Alors qu'il fuyait le champ de bataille avec 14 soldats, Cristóvão da Gama, le bras blessé par une balle, a été capturé cette nuit-là par des partisans de l'imam Ahmad, qui avaient été conduits dans les broussailles où ils s'étaient réfugiés auprès d'une vieille femme [5]. Cependant, d'autres récits indiquent que Gama était resté pour chercher une femme qu'il avait capturée à la Bataille de la Colline des Juifs dont il s'était entiché [6]. Néanmoins, il a ensuite été amené en présence de l'Imam Ahmad ibn Ibrahim al-Ghazi, qui a torturé et exécuté son adversaire prisonnier [7].

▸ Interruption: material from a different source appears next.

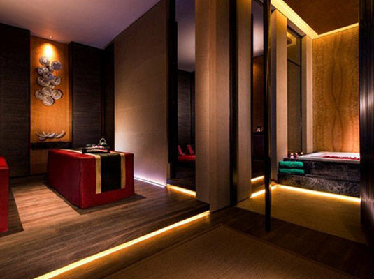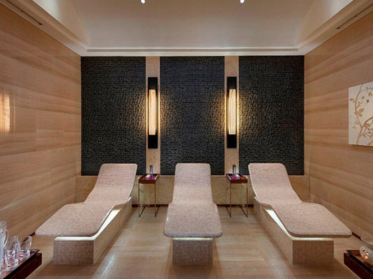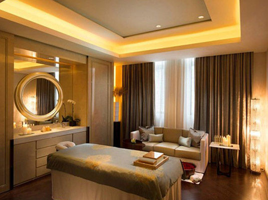 水疗中心位于华尔道夫酒店三楼,金色的主色调以及入口处精致的地毯和悠扬音乐就已经把奢华大气的氛围渲染到极致。华尔道夫水疗共设8间理疗房,每一个房间都确保私密与幽静,均配备独立的蒸汽间和雨淋花洒。而豪华VIP贵宾水疗套房面积近100平方米,并且配备双人蒸汽房,按摩浴缸,壁炉装饰以及宽敞舒适的休闲区域,尽显奢华。

Joseph François Lafitau, chroniqueur jésuite du XVIIe siècle, relate ces événements :
« Conduit en la présence du roi vainqueur, Grada Ahmed lui demanda ce qu'il aurait fait de lui en pareille occasion s'il l'avait pris. Gama sans s'étonner lui répondit fièrement : “je t'aurais fais trancher la tête, couper ton corps en quartiers que j'aurais fait suspendre en divers endroits, pour y servir d'exemple et d'épouvantail aux tyrans" […] il lui coupa la tête de sa propre main, et exécuta sur lui le reste de la sentence qu'il avait prononcé contre lui-même. […] »[8].
Un désaccord s'est produit entre l'imam Ahmed Gragn et ses mousquetaires ottomans à ce point de la victoire sur la gestion des Portugais capturés dans la bataille. Les Ottomans voulaient utiliser ces prisonniers comme un outil de négociation dans leurs pourparlers en cours avec Lisbonne, ils ont donc fait les demandes suivantes pour qu'ils soient remis sains et saufs aux soins des autorités provinciales yéménites.
Cependant, l'imam Ahmed Gragn a refusé cette demande et a tué de ses propres mains quelques heures seulement après l'avoir capturé, Cristóvão da Gama. Furieux, le commandant ottoman a déserté Ahmed et est retourné au Yémen avec la majorité de ses forces [9].
La bataille a empêché l'établissement d'une présence militaire permanente des Portugais en Éthiopie et dans la Corne de l'Afrique. Après la mort de Cristóvão da Gama et la majorité de ses soldats ayant été capturés ou tués, les Portugais hésitèrent à s'investir davantage dans la région, faisant ainsi du Sultanat Adal la principale puissance de la Corne de l'Afrique [10].
À la suite de cette bataille, les forces de l'Adal progressent jusqu'à leur arrêt lors de la bataille de Wayna Daga et la mort d'Ahmed al-Ghazi.